### What to produce
In the material below, pictures must be dropped. Repeat exactly, and only, the lines from the line with "Typically, we request" to the line with "(¬1) أحد النسخ", both ends included.

### Exercise inputs
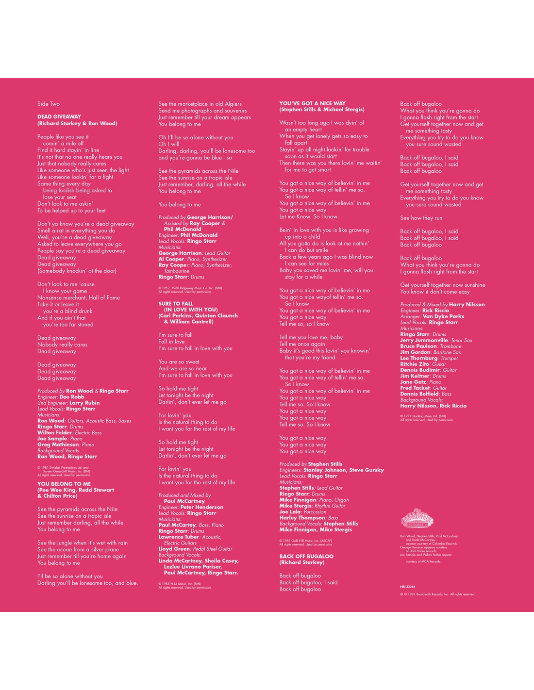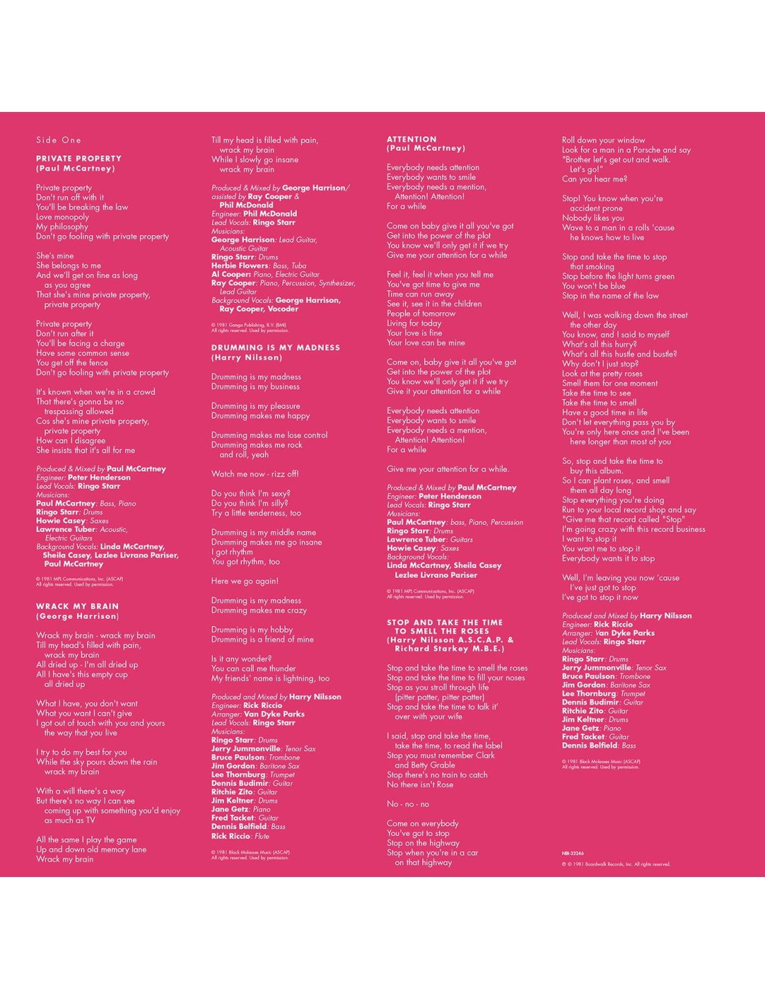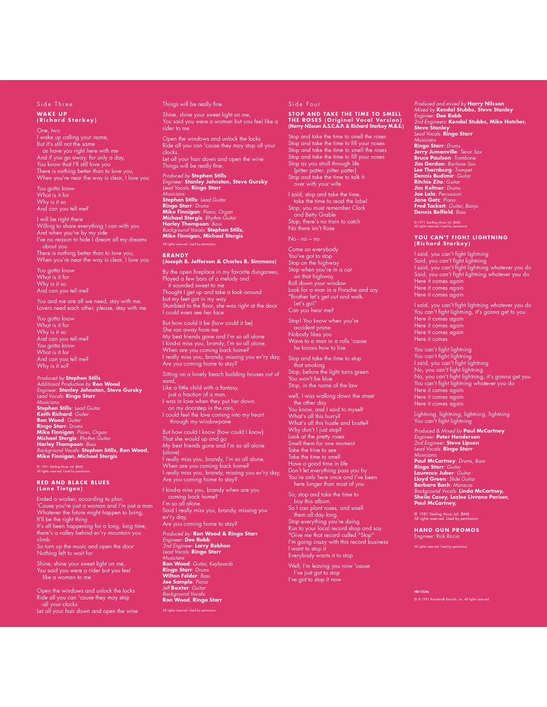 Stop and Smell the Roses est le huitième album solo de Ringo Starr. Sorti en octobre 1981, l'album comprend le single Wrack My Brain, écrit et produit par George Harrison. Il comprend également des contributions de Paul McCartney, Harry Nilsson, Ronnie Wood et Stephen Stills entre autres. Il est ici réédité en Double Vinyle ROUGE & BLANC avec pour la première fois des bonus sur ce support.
...
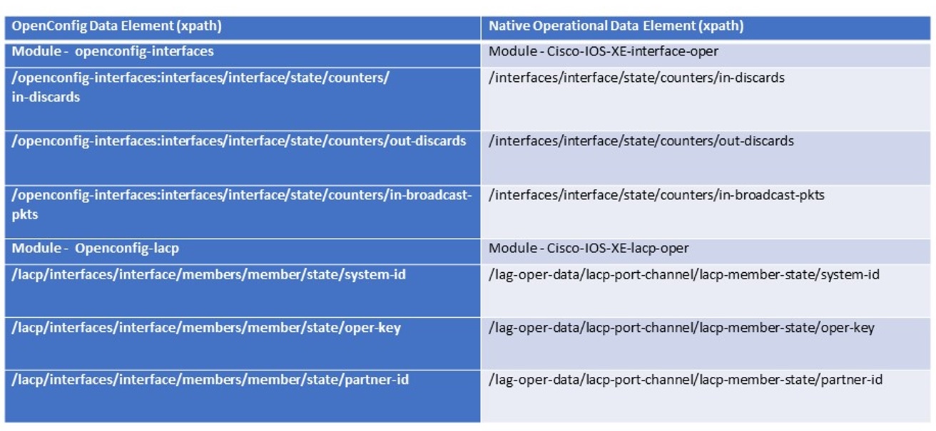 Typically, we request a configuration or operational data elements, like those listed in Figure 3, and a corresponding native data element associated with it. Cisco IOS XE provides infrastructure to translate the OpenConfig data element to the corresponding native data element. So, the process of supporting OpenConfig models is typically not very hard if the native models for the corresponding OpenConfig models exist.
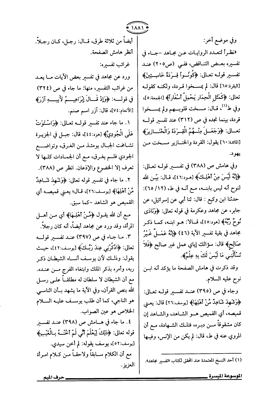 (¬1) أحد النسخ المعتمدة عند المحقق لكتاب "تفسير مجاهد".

### Answer to this problem
 Typically, we request a configuration or operational data elements, like those listed in Figure 3, and a corresponding native data element associated with it. Cisco IOS XE provides infrastructure to translate the OpenConfig data element to the corresponding native data element. So, the process of supporting OpenConfig models is typically not very hard if the native models for the corresponding OpenConfig models exist.
 (¬1) أحد النسخ المعتمدة عند المحقق لكتاب "تفسير مجاهد".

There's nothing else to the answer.